## WHAT TO PRODUCE:
Restate the lines of the material below word for word, from the first through the one containing "ذِكْرُ مَنْ قَالَ", and include nothing else; pictures stay out.

## MATERIAL PROVIDED:
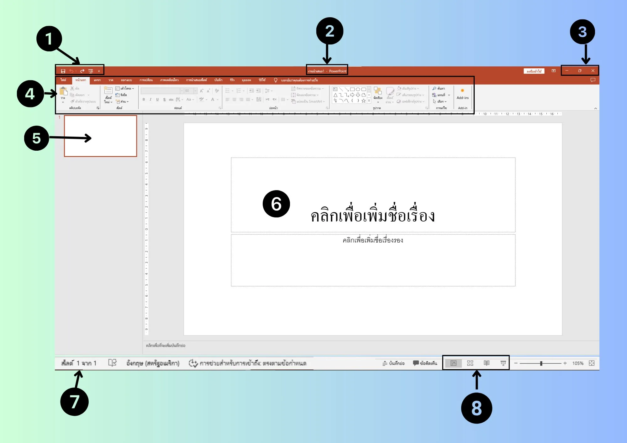 - แถบสถานะ (Status Bar): แสดงข้อมูลเกี่ยวกับสไลด์
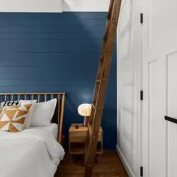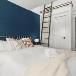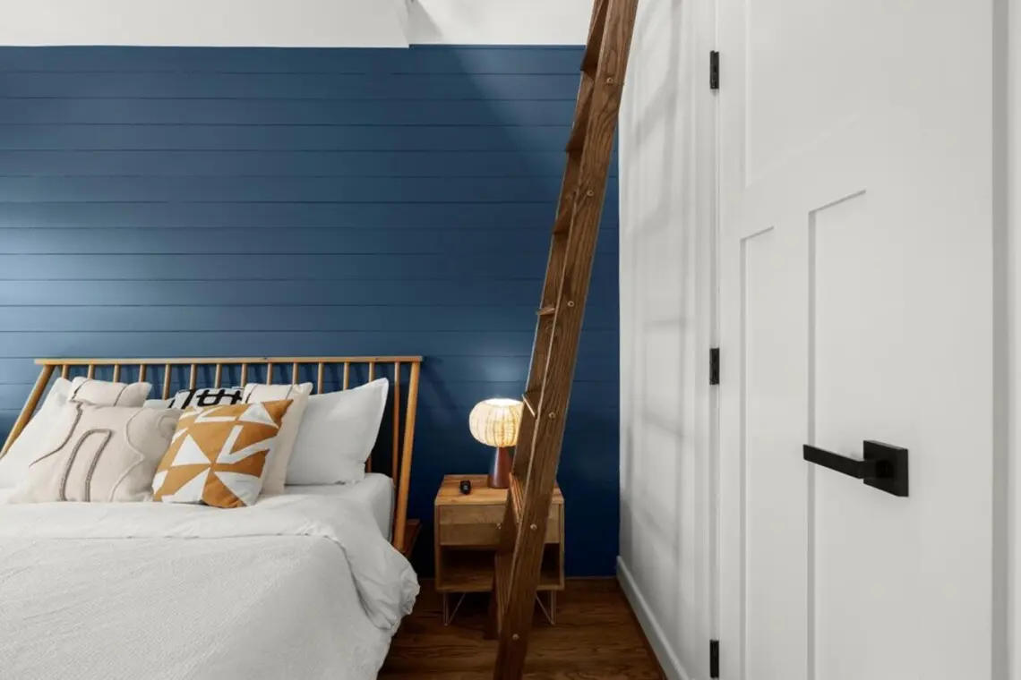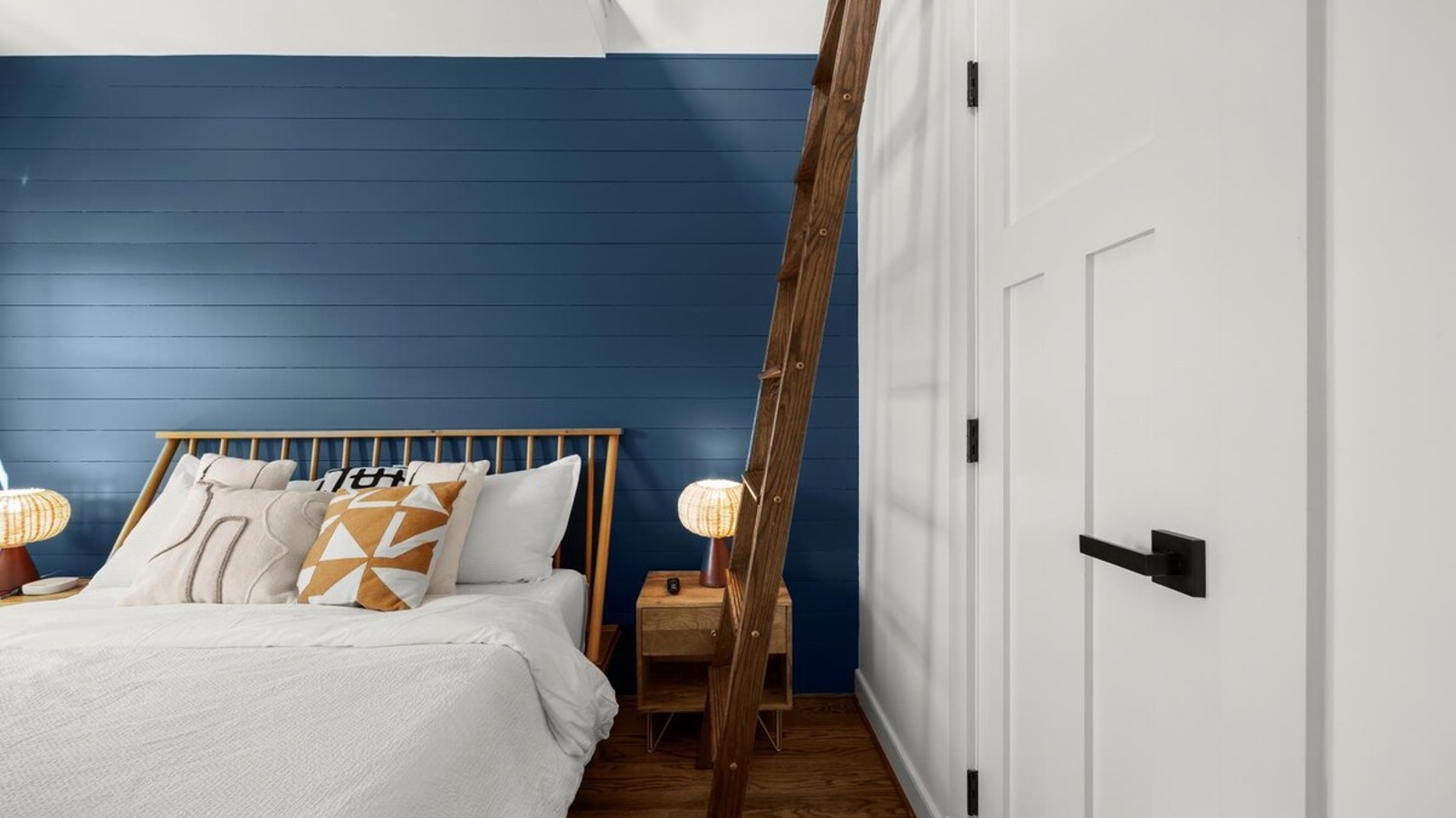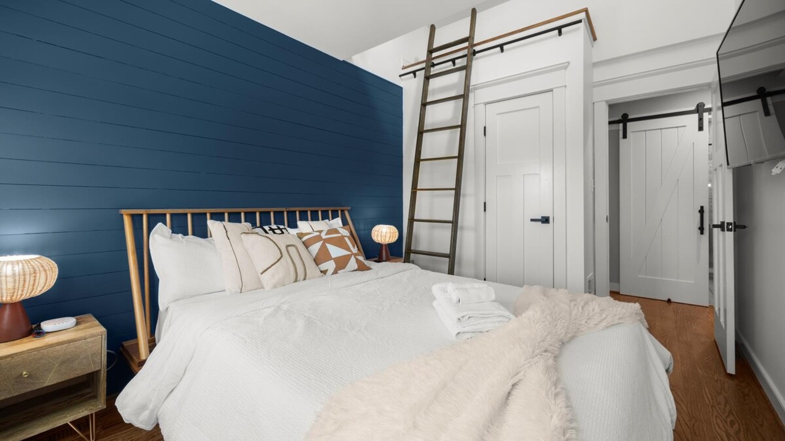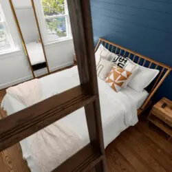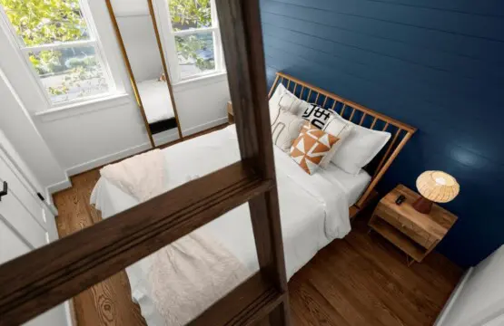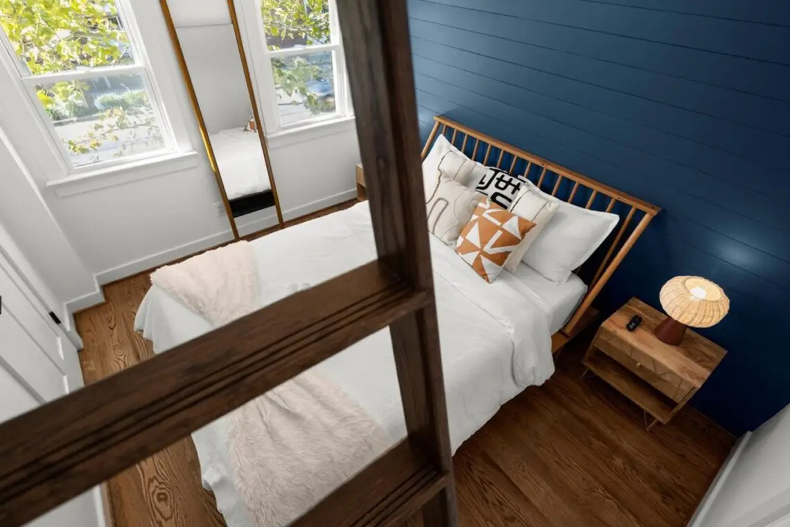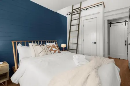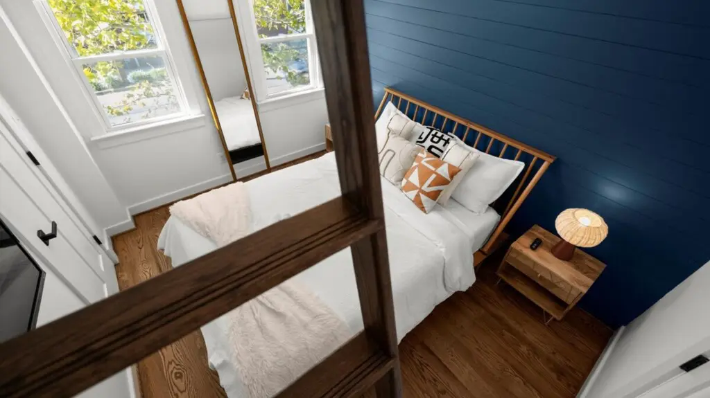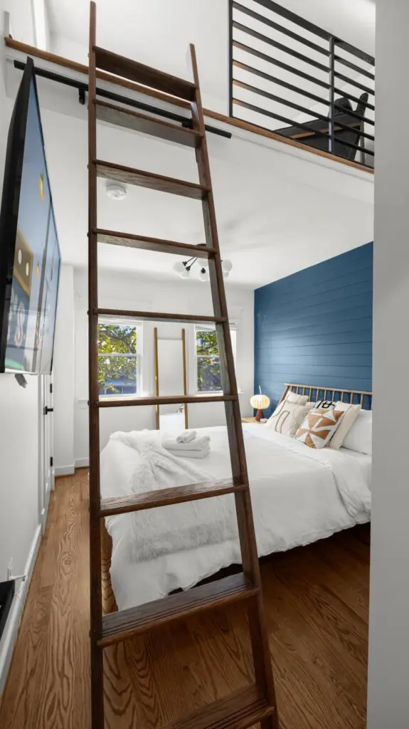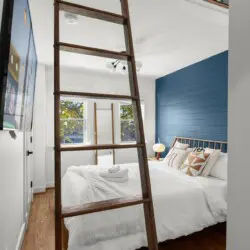 The home features hardwood floors throughout with stairs leading you to the 2nd level of the home where you will find the two bedrooms, and a full-size bathroom. The main bedroom is plush and with it’s room darkening curtains, sleeps two very comfortably in a Queen-size bed. From the main bedroom, there’s a ladder leading up to the loft area, your dedicated workspace with a desk and chair; excellent for Zoom calls or simply a quiet space to get work done. The second bedroom features a Full-size bed. The room is well-lit with a beautiful skylight.
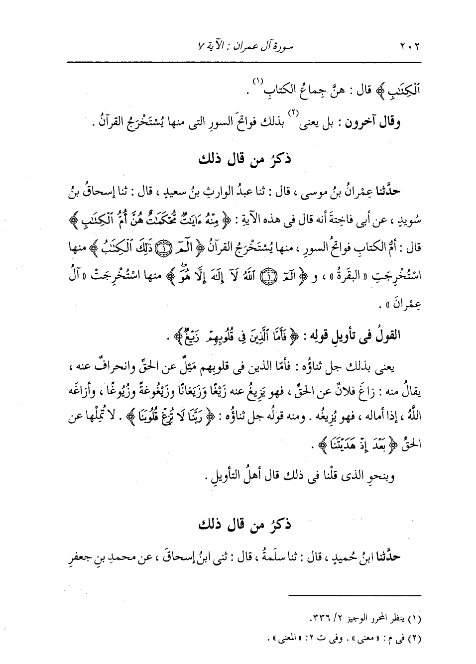 ذِكْرُ مَنْ قَالَ ذَلِكَ: حَدَّثَنَا ابْنُ حُمَيْدٍ، قَالَ: ثنا سَلَمَةُ، قَالَ: ثني ابْنُ إِسْحَاقَ، عَنْ مُحَمَّدِ بْنِ جَعْفَرِ -[203]- بْنِ الزُّبَيْرِ: {§فَأَمَّا الَّذِينَ فِي قُلُوبِهِمْ زَيْغٌ} [آل عمران: 7] «أَيْ مَيْلٌ عَنِ الْهُدَى»
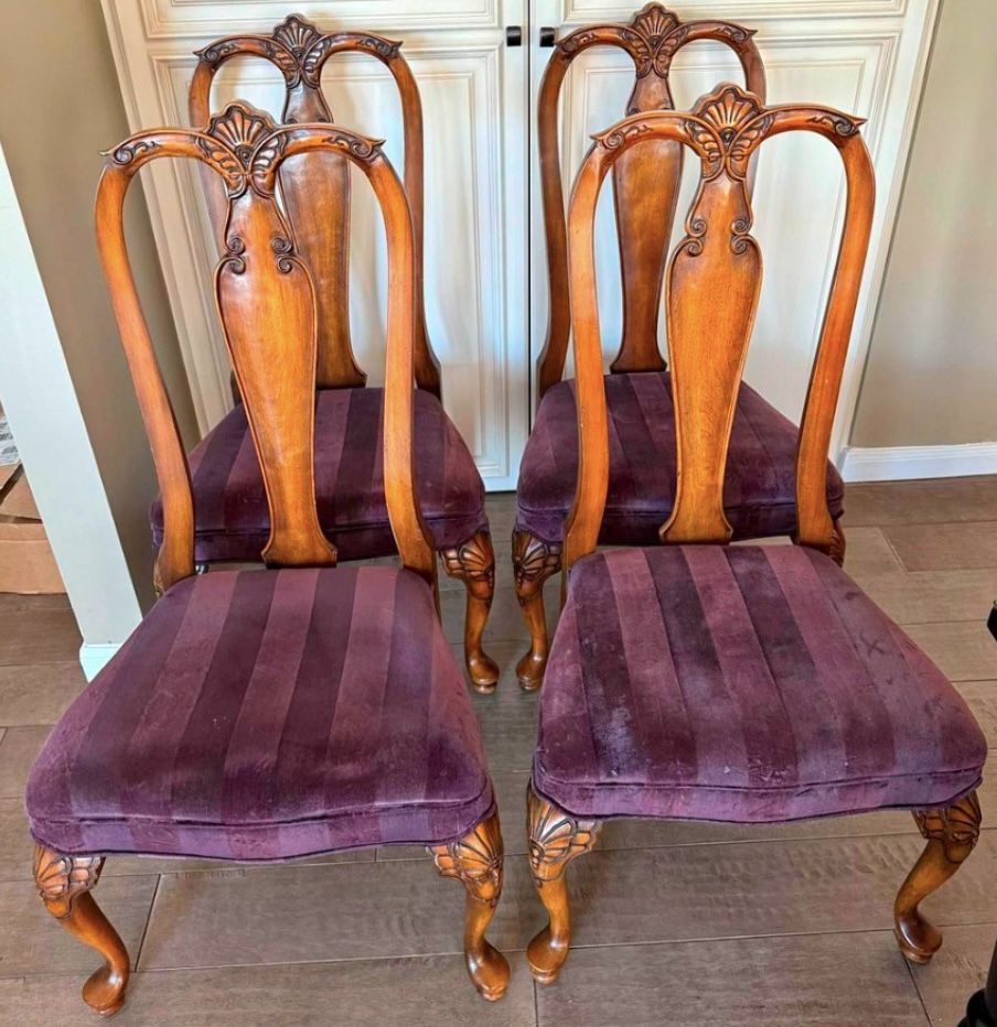 4 Beautiful Vintage French Provincial French Country Dining Chairs - Purple Upholstery - beautiful detailing on legs & back of chairs - 4 Side Chairs Google says the following (likely Baroque or Rococo style dining chairs with purple velvet upholstery. The design features ornate, elaborate hand-carved wood frames and distinctive gracefully curved, S-shaped cabriole legs. vintage or antique dining chairs in a Georgian or Queen Anne style, featuring a rich wood finish and cabriole legs. The chairs are characterized by their intricate shell carvings on the top rail and knees of the legs, and they are upholstered in a purple striped velvet fabric often made of solid mahogany or walnut and were produced in the late 19th or 20th century or French Louis XV Style Dining Chairs) Dimensions in photos I’m Downsizing due to Remodeling - Follow Me To See Other Items Pickup on North Side of Ofallon,Mo close to Hwy P & St. Paul Road First Come First Served No Holds Cash at Pickup Listed on Other Sites

## RESULT FOR THIS TASK:
 - แถบสถานะ (Status Bar): แสดงข้อมูลเกี่ยวกับสไลด์
 The home features hardwood floors throughout with stairs leading you to the 2nd level of the home where you will find the two bedrooms, and a full-size bathroom. The main bedroom is plush and with it’s room darkening curtains, sleeps two very comfortably in a Queen-size bed. From the main bedroom, there’s a ladder leading up to the loft area, your dedicated workspace with a desk and chair; excellent for Zoom calls or simply a quiet space to get work done. The second bedroom features a Full-size bed. The room is well-lit with a beautiful skylight.
 ذِكْرُ مَنْ قَالَ ذَلِكَ: حَدَّثَنَا ابْنُ حُمَيْدٍ، قَالَ: ثنا سَلَمَةُ، قَالَ: ثني ابْنُ إِسْحَاقَ، عَنْ مُحَمَّدِ بْنِ جَعْفَرِ -[203]- بْنِ الزُّبَيْرِ: {§فَأَمَّا الَّذِينَ فِي قُلُوبِهِمْ زَيْغٌ} [آل عمران: 7] «أَيْ مَيْلٌ عَنِ الْهُدَى»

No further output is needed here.